The copy you return should hold only the lines from the top of the data below through the line with "书写时下面一横最长,位置在田", each duplicated exactly and with no pictures.

EXERCISE INPUTS START

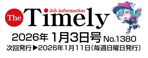 発行のお知らせ 2026.01.03 求人情報紙ザ・タイムリー 1/3号 発行しました 週刊求人情報紙 ザ・タイムリー 2025年 1/3号発行しました。 是非ご覧ください。 [Web版] 週刊求人情報 ザ・タイムリーはこちらから Prev
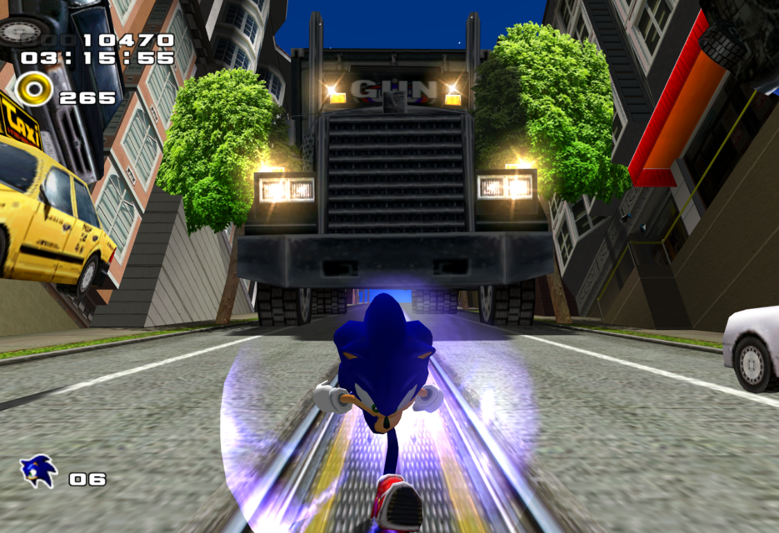 Sonic escaping from a G.U.N. Military Truck, from Sonic Adventure 2: Battle.
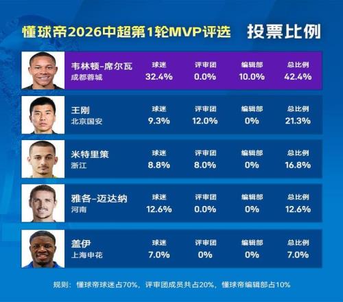 大家好,欢迎来到懂球帝2026赛季中超MVP的评选现场。在本赛季的第1轮MVP评选中,成都蓉城外援韦林顿-席尔瓦以42.4%的得票率成功当选新赛季第一个MVP。
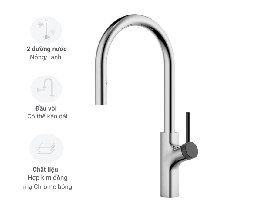 - Kiểu dáng vòi: Là vòi rửa bát dây rút, đầu vòi cong, tay điều khiển thiết kế công thái học.
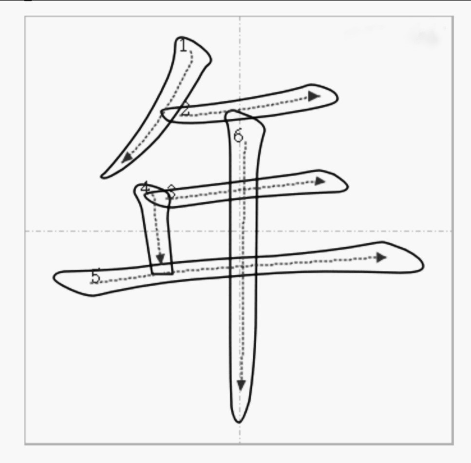 书写时下面一横最长,位置在田字格中线之下。书法书写时也有写成第二横最长,最下一横在中线位置附近的(参见上图)。
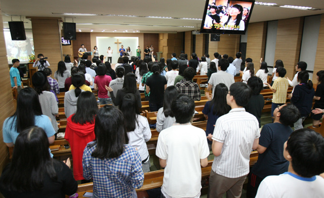¸ÅÁÖ ±Ý¿äÀÏ Àú³á¿¡ Á¦2±³À°°ü 4Ãþ ¿¹¹è½Ç¿¡¼´Â ¿ì¸®±³È¸ û¼Ò³âµéÀÇ Ã¶¾ß¿¹¹è°¡ µå·ÁÁø´Ù. ¹Ì·¡ ¼øº¹À½ ¸®´õµéÀÇ ¶ß°Å¿î ±âµµ¿Í Âù¾ç¼Ò¸®°¡ ÀÖ´Â ÀºÇýÀÇ ÇöÀåÀ» ã¾Ò´Ù.
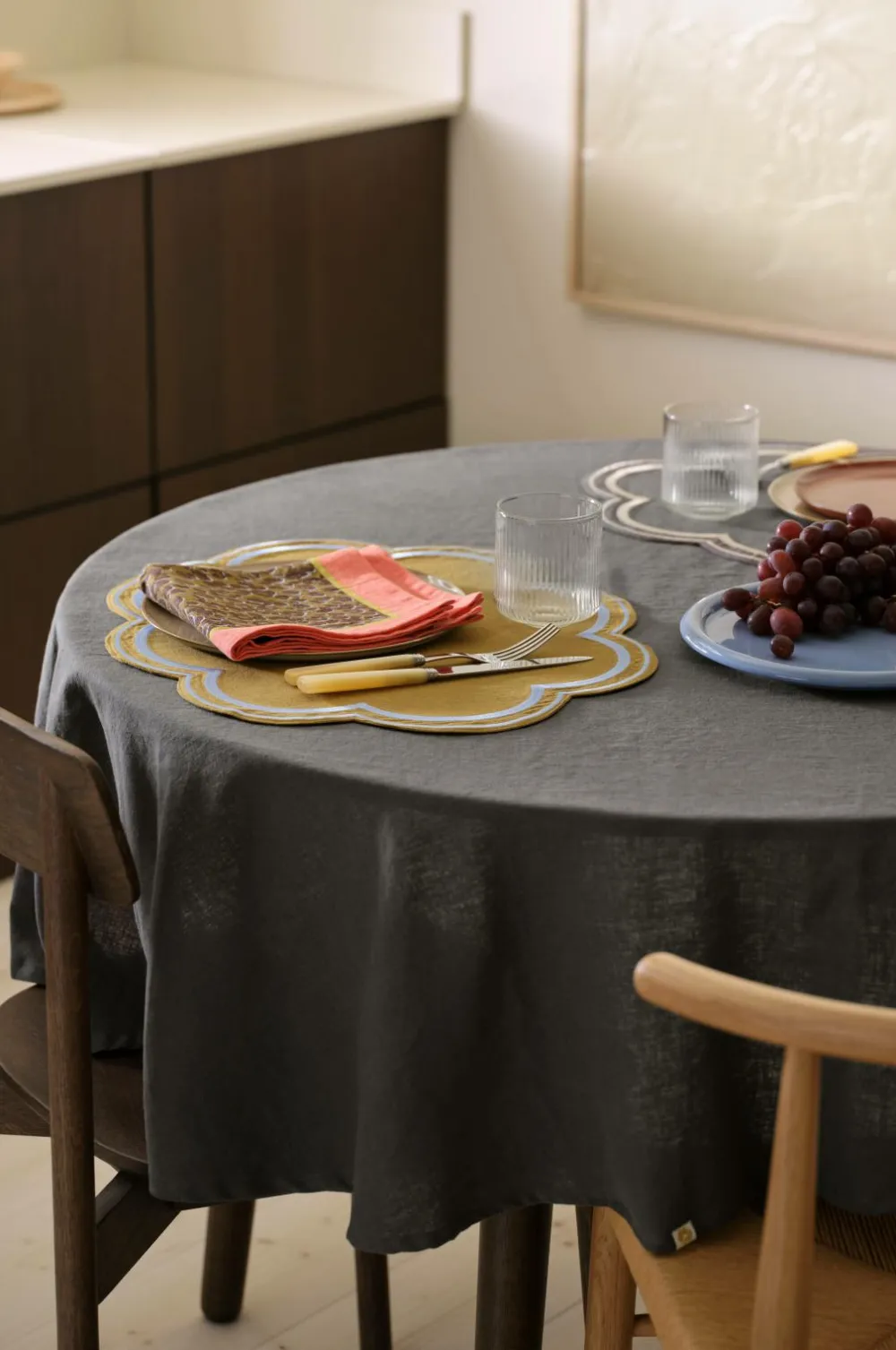 • Rund, ensfarvet dug i bomuld og hør med blød, vasket afslutning
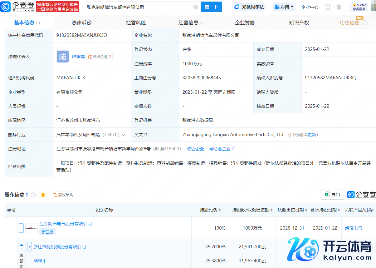 企查查APP显现,近日,张家港朗信汽车部件有限公司蛊惑,法定代表东谈主为陆耀磊,注册本钱为1000万元,谋略限制包含:汽车零部件及配件制造;塑料成品制造;塑料成品销售;模具制造;模具销售;汽车零部件研发。企查查股权穿透显现,该公司由江苏朗信电气股份有限公司全资抓股,后者由银轮股份(002126)等共同抓股。
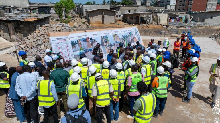 Les chantiers visités concernent les travaux de construction d’ouvrages de drainage des eaux pluviales dans les bassins de la Riviera-Bonoumin (Cocody) et le projet d’assainissement et de drainage de Yopougon-Maroc, dont le taux d’achèvement est de 90%.
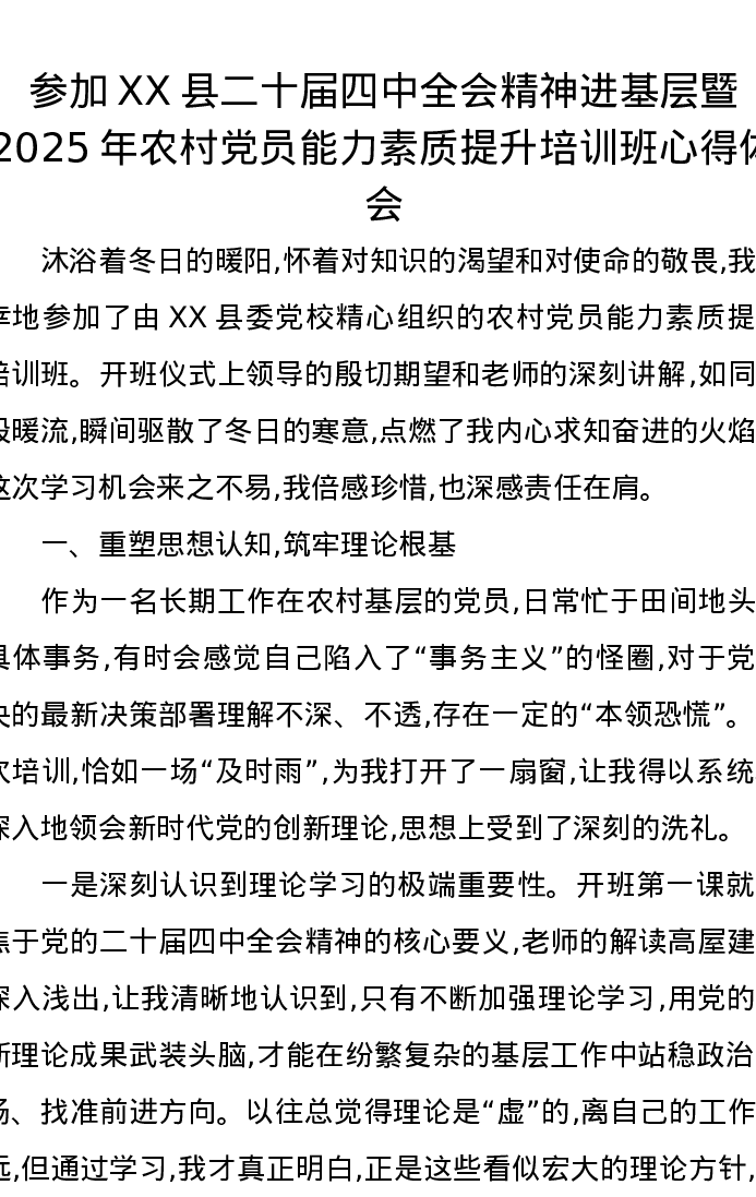 参加XX县二十届四中全会精神进基层暨2025年农村党员能力素质提升培训班心得体会

EXERCISE INPUTS END

**EXERCISE OUTPUT**
 発行のお知らせ 2026.01.03 求人情報紙ザ・タイムリー 1/3号 発行しました 週刊求人情報紙 ザ・タイムリー 2025年 1/3号発行しました。 是非ご覧ください。 [Web版] 週刊求人情報 ザ・タイムリーはこちらから Prev
 Sonic escaping from a G.U.N. Military Truck, from Sonic Adventure 2: Battle.
 大家好,欢迎来到懂球帝2026赛季中超MVP的评选现场。在本赛季的第1轮MVP评选中,成都蓉城外援韦林顿-席尔瓦以42.4%的得票率成功当选新赛季第一个MVP。
 - Kiểu dáng vòi: Là vòi rửa bát dây rút, đầu vòi cong, tay điều khiển thiết kế công thái học.
 书写时下面一横最长,位置在田字格中线之下。书法书写时也有写成第二横最长,最下一横在中线位置附近的(参见上图)。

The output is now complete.